I have a bunch of files that I'm going to be processing in batches of about 1000. Some calculations are done on the files and approximately 75% of them will need to have data stored in a struct array.
I have no way of knowing how many files will need to be stored in the array until the calculations are done at runtime.
Right now I'm counting the number of files processed that need a struct array space, and using malloc(). Then for the next batch of files I use realloc(), and so on until all files are done. This way I allocate the exact amount of memory I need.
I'm able to count the total number of files in advance. Would I be better off using one big malloc() right at the start, even though it's only going to be 75% filled?
I would try it both ways, and see if there is a noticeable difference in performance.
If there isn't I would stick with using realloc() as then you wont allocate any excess memory that you don't need. You can also do something like the vector class in C++ which increases the memory logarithmically.
Libraries can implement different strategies for growth to balance between memory usage and reallocations, but in any case, reallocations should only happen at logarithmically growing intervals of size so that the insertion of individual elements at the end of the vector can be provided with amortized constant time complexity
Keep in mind that you can also allocate memory in advance, and free some of it when you are done. It really depends on what your constraints are.
Related
I'm trying to figure out what is the optimal way of using malloc and realloc for recieving unknown amount of characters from the user ,storing them, and printing them only by the end.
I've figured that calling realloc too many times wont be so smart.
so instead, I allocate a set amount of space each time,lets say
sizeof char*100
and by the end of file,i use realloc to fit the size of the whole thing precisely.
what do you think?is this a good way to go about?
would you go in a different path?
Please note,I have no intention of using linked lists,getchar(),putchar().
using malloc and realloc only is a must.
If you realloc to fit the exact amount of data needed, then you are optimizing for memory consumption.
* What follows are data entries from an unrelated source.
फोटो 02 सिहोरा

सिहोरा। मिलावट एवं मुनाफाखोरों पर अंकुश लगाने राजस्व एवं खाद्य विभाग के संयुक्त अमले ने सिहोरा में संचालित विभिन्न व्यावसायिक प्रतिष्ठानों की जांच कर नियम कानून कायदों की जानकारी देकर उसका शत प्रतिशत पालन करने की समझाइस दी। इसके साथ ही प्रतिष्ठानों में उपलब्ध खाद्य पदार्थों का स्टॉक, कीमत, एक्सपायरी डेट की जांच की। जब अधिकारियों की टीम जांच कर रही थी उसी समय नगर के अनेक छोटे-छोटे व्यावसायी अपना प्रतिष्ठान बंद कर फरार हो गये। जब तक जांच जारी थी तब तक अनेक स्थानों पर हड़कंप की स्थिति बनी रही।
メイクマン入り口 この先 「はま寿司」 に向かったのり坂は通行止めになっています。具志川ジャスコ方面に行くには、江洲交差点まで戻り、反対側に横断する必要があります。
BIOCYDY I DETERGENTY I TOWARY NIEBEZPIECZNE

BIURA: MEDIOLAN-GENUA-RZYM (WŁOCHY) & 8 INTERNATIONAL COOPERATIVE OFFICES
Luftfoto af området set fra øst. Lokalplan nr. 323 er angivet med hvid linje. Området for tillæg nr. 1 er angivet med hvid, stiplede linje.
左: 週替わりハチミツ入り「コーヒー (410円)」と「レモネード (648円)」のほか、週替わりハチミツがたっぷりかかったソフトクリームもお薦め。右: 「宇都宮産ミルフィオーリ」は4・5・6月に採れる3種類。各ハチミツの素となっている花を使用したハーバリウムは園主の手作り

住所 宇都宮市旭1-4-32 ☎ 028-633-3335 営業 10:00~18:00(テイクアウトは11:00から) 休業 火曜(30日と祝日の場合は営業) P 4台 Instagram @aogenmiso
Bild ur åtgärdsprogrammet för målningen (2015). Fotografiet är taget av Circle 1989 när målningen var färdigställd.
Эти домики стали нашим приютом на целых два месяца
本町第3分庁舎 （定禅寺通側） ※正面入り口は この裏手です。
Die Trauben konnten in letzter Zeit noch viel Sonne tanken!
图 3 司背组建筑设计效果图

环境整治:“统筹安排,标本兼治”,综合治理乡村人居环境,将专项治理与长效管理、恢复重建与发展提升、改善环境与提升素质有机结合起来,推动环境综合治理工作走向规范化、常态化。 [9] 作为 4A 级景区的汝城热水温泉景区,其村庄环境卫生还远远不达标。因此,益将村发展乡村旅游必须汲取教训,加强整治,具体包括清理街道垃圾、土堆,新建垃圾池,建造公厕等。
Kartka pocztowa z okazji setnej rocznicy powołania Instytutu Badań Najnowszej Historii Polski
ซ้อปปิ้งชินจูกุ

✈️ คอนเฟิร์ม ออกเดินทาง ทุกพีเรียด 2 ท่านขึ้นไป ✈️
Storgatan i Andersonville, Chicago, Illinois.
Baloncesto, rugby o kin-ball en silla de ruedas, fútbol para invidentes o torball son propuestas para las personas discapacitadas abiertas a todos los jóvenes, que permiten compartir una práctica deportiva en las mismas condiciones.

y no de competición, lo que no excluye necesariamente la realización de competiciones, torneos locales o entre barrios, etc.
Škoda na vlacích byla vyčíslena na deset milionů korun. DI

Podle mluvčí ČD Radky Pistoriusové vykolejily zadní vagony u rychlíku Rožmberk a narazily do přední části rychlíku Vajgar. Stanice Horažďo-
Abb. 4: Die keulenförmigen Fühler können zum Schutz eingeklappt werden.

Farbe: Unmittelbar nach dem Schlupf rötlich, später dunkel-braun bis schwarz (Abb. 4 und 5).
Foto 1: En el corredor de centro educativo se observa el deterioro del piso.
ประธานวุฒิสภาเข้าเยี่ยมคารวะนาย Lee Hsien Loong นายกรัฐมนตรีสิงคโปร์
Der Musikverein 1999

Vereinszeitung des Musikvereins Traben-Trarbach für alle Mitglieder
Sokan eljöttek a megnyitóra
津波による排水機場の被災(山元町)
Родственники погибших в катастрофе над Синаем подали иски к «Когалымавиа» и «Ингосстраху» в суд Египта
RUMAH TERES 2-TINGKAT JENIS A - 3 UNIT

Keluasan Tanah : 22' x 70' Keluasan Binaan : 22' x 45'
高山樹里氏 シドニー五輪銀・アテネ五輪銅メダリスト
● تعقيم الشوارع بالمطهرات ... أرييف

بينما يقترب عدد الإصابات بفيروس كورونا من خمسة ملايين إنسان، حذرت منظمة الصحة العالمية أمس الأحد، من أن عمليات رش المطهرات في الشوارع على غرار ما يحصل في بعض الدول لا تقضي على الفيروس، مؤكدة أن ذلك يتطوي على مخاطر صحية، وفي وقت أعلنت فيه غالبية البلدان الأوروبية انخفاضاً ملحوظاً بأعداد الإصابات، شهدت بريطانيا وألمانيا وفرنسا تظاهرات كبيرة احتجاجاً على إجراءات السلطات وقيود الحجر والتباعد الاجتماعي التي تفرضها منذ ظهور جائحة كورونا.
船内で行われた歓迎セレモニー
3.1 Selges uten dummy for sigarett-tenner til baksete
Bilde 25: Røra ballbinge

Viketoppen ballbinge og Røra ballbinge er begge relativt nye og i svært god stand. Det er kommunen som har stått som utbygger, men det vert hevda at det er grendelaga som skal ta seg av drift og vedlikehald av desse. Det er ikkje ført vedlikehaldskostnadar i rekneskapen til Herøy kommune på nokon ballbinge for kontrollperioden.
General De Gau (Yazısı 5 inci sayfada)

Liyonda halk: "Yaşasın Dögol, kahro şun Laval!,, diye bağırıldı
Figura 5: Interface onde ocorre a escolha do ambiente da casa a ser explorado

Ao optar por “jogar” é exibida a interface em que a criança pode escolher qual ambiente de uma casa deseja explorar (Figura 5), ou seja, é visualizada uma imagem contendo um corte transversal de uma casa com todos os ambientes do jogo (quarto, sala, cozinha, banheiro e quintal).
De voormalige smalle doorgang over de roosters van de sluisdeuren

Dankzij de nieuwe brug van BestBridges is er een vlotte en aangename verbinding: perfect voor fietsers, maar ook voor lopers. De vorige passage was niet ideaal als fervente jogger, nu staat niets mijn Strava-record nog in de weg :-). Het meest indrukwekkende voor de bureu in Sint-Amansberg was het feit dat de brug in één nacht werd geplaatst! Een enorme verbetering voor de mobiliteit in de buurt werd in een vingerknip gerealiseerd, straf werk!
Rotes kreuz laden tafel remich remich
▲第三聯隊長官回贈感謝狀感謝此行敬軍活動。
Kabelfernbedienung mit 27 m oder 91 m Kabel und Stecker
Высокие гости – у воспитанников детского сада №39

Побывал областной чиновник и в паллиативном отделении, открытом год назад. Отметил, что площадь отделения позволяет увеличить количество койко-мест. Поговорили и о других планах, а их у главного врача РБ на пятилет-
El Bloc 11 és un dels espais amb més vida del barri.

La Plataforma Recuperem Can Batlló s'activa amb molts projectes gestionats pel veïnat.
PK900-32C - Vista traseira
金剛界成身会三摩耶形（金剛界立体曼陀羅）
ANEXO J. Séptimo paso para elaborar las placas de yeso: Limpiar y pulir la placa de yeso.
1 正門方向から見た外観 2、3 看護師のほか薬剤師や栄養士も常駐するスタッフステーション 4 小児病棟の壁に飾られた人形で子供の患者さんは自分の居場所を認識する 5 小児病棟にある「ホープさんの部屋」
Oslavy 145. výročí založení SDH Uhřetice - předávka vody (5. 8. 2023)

This will likely give slower code because 1) you get extra realloc calls and 2) you might not allocate amounts that fit well with CPU alignment and data cache. Possibly this also causes heap segmentation issues because of the repeated reallocs, in which case it could actually waste memory.
It's hard to answer what's "best" generically, but the below method is fairly common, as it is a good compromise between reducing execution speed for realloc calls and lowering memory use:
You allocate a segment, then keep track of how much of this segment that is user data. It is a good idea to allocate size_t mempool_size = n * _Alignof(int); bytes and it is probably also wise to use a n which is divisible by 8.
Each time you run out of free memory in this segment, you realloc to mempool_size*2 bytes. That way you keep doubling the available memory each time.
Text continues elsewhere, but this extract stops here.